(DATASET RECORDS Opens)

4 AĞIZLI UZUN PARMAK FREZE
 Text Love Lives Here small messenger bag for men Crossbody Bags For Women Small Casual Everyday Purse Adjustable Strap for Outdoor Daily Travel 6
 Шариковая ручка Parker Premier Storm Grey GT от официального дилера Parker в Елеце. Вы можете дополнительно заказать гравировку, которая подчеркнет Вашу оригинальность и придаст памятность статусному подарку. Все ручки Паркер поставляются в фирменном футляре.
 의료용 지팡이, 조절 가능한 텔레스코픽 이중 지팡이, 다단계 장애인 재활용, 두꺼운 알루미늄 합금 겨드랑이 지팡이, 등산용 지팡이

(DATASET RECORDS Closes)
(DATASET RECORDS Opens)

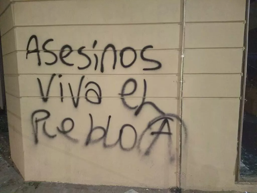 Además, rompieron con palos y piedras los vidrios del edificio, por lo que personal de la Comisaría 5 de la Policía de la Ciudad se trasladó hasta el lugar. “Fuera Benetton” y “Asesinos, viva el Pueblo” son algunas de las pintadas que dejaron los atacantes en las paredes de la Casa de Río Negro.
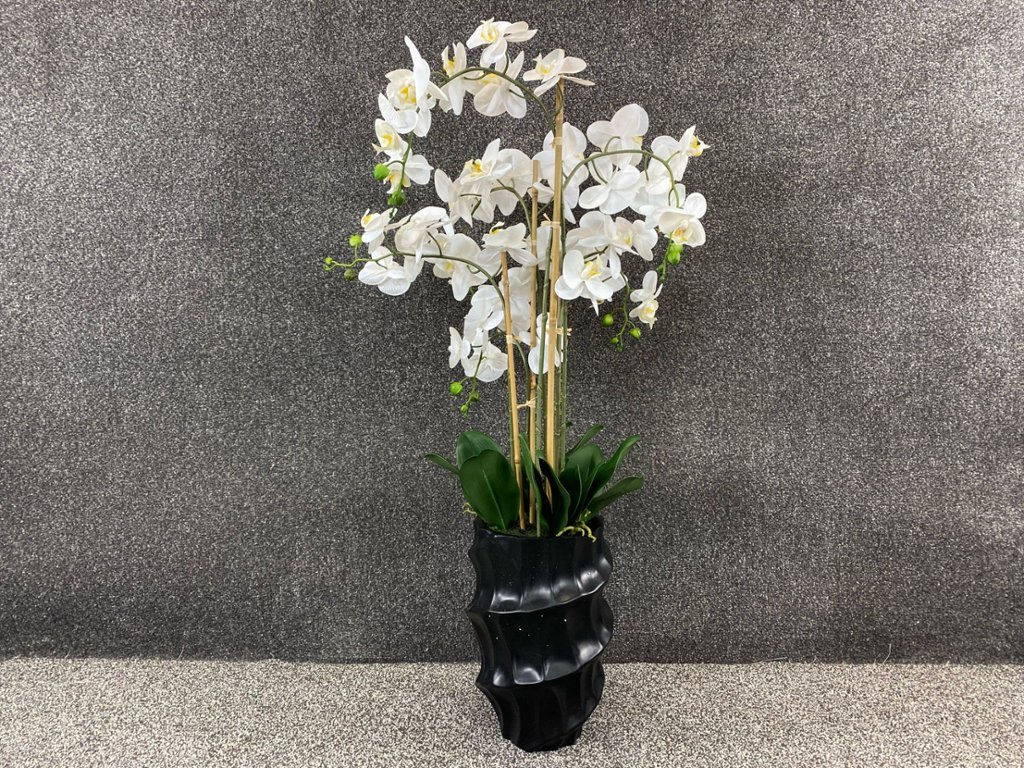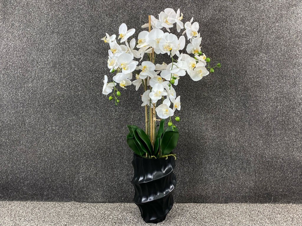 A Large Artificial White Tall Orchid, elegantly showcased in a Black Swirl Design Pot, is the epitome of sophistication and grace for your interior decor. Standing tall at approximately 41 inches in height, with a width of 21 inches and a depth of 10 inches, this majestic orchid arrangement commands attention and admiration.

(DATASET RECORDS Closes)
(DATASET RECORDS Opens)

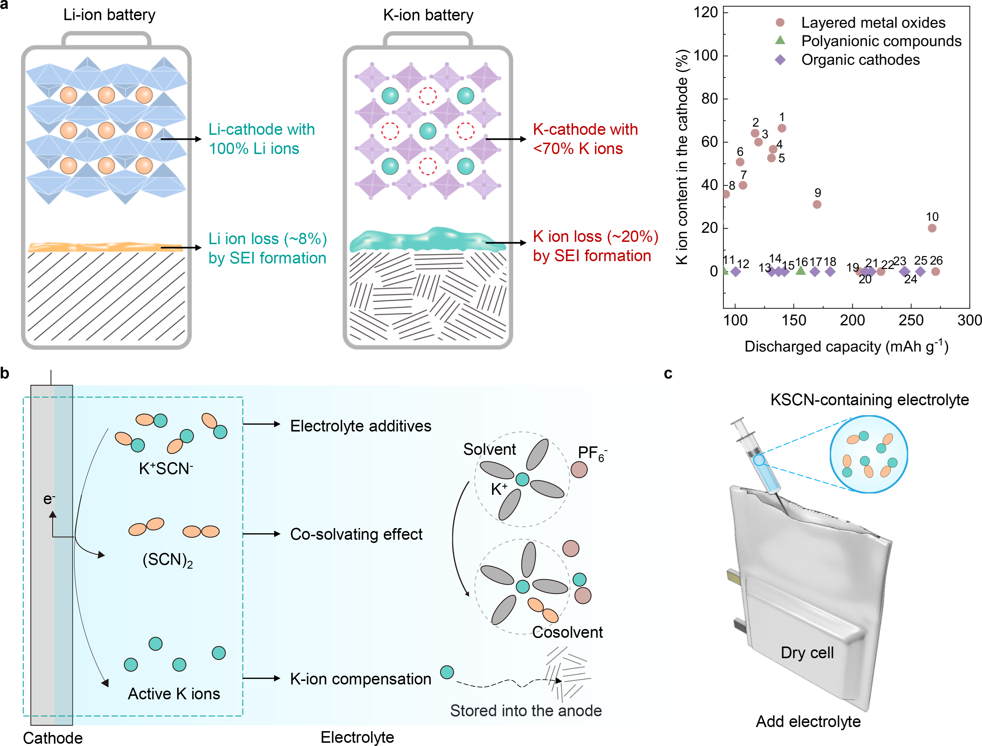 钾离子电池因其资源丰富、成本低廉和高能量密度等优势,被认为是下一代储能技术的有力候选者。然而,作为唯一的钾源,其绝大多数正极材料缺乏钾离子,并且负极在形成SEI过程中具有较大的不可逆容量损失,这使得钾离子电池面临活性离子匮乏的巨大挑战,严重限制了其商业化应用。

(DATASET RECORDS Closes)

All lines above between those holding "Text Love Lives" and "의료용 지팡이, 조절", inclusive, must be set down unchanged, and no other line may be included.

**REPLY TO THE EXERCISE**
 Text Love Lives Here small messenger bag for men Crossbody Bags For Women Small Casual Everyday Purse Adjustable Strap for Outdoor Daily Travel 6
 Шариковая ручка Parker Premier Storm Grey GT от официального дилера Parker в Елеце. Вы можете дополнительно заказать гравировку, которая подчеркнет Вашу оригинальность и придаст памятность статусному подарку. Все ручки Паркер поставляются в фирменном футляре.
 의료용 지팡이, 조절 가능한 텔레스코픽 이중 지팡이, 다단계 장애인 재활용, 두꺼운 알루미늄 합금 겨드랑이 지팡이, 등산용 지팡이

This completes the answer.